▸ Your instructions
Take the lines in the listing below from the line with "Pute (gesamt 85,2" up to and including the line with "Zur Wohnung gehört" and set them down exactly, skipping pictures and adding nothing.

▸ Record extracts
_____
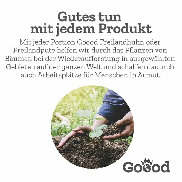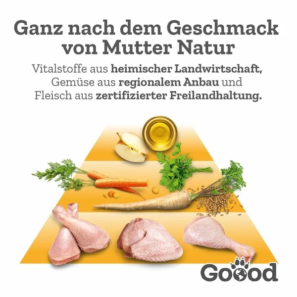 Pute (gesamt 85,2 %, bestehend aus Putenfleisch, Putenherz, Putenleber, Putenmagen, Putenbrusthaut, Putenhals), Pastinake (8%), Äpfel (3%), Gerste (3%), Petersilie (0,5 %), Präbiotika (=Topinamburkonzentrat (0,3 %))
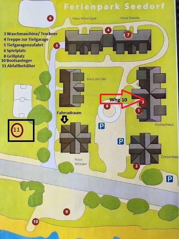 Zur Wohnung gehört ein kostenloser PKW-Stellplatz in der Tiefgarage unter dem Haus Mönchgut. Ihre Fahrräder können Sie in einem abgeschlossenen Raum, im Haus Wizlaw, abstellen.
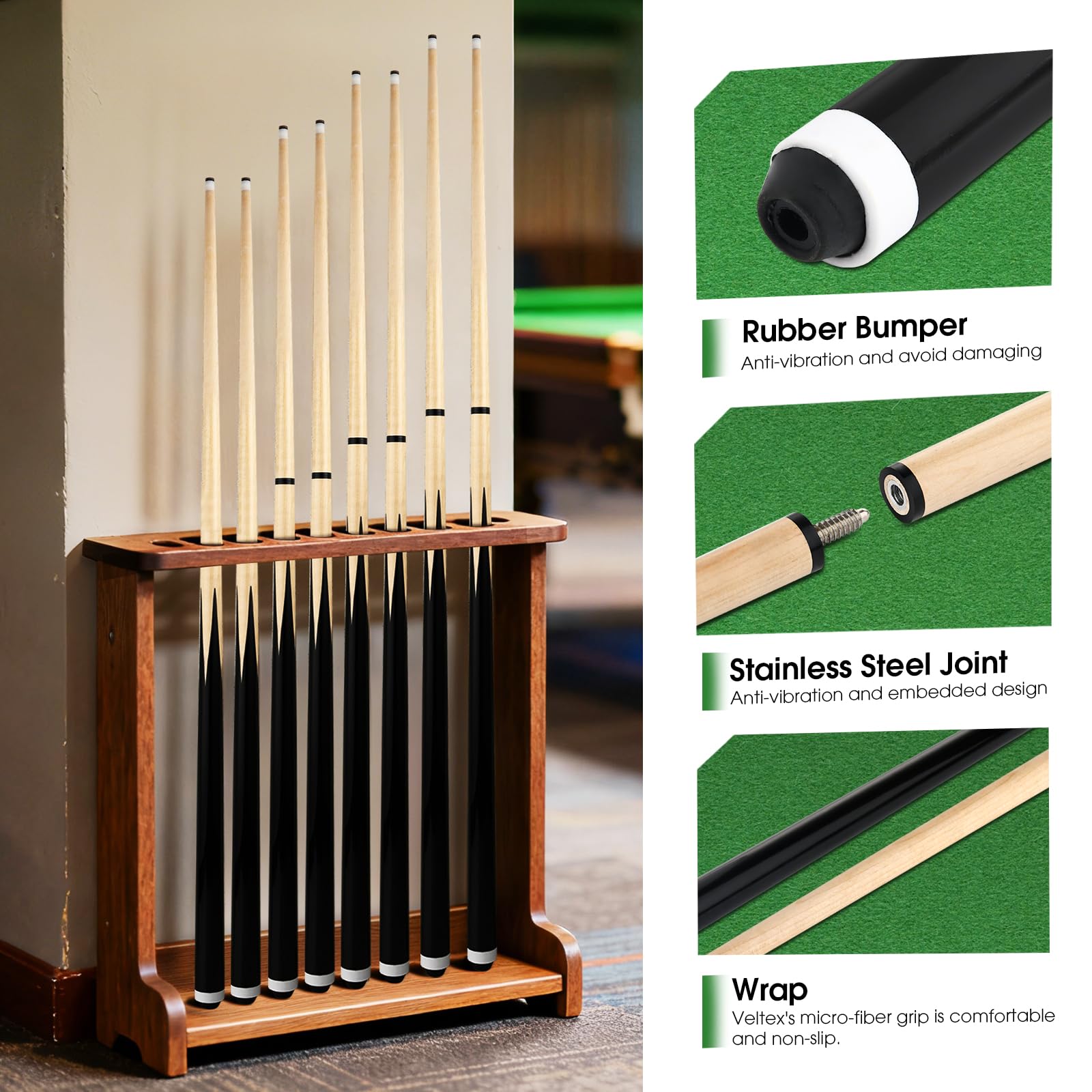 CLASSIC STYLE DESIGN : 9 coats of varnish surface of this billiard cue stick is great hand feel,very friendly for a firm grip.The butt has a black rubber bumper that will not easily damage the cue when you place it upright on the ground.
_____
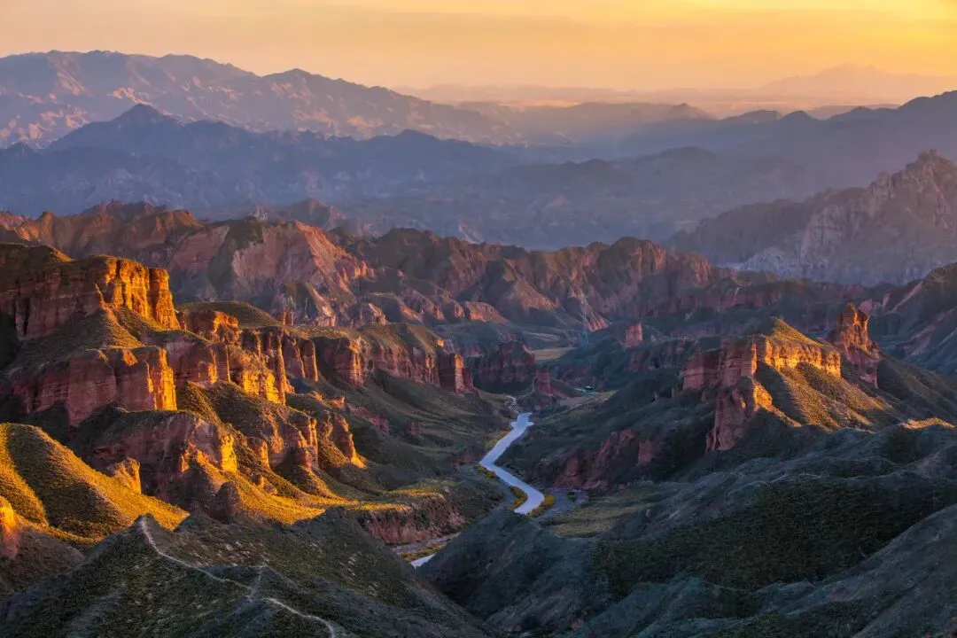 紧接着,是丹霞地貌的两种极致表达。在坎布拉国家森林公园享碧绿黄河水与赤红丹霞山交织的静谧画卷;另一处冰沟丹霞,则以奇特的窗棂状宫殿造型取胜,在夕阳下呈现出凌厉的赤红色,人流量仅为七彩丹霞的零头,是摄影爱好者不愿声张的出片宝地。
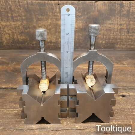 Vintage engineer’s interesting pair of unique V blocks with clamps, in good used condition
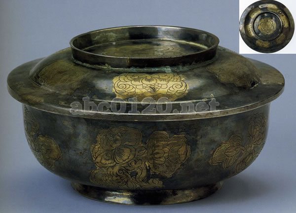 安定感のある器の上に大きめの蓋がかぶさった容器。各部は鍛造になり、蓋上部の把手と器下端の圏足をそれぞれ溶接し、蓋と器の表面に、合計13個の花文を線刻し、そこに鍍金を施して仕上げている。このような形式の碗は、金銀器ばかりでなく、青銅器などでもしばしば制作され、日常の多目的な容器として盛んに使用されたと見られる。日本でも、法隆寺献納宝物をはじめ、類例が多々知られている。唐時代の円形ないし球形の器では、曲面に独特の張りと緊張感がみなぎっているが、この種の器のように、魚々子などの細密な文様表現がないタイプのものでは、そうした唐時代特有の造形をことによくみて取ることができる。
_____
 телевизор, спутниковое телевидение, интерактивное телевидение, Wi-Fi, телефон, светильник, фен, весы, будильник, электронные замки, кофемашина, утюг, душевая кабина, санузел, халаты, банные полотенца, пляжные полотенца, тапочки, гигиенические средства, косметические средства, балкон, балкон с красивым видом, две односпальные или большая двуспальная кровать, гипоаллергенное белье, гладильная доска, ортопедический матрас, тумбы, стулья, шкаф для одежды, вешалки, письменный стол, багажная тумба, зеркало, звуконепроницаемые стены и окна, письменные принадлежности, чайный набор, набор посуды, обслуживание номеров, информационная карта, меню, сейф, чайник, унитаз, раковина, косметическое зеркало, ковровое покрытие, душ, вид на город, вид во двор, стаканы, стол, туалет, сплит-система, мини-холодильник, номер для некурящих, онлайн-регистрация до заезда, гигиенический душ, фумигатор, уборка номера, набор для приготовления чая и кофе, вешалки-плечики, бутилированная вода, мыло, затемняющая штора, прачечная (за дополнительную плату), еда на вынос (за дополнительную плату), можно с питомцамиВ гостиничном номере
_____
▸ Final answer
 Pute (gesamt 85,2 %, bestehend aus Putenfleisch, Putenherz, Putenleber, Putenmagen, Putenbrusthaut, Putenhals), Pastinake (8%), Äpfel (3%), Gerste (3%), Petersilie (0,5 %), Präbiotika (=Topinamburkonzentrat (0,3 %))
 Zur Wohnung gehört ein kostenloser PKW-Stellplatz in der Tiefgarage unter dem Haus Mönchgut. Ihre Fahrräder können Sie in einem abgeschlossenen Raum, im Haus Wizlaw, abstellen.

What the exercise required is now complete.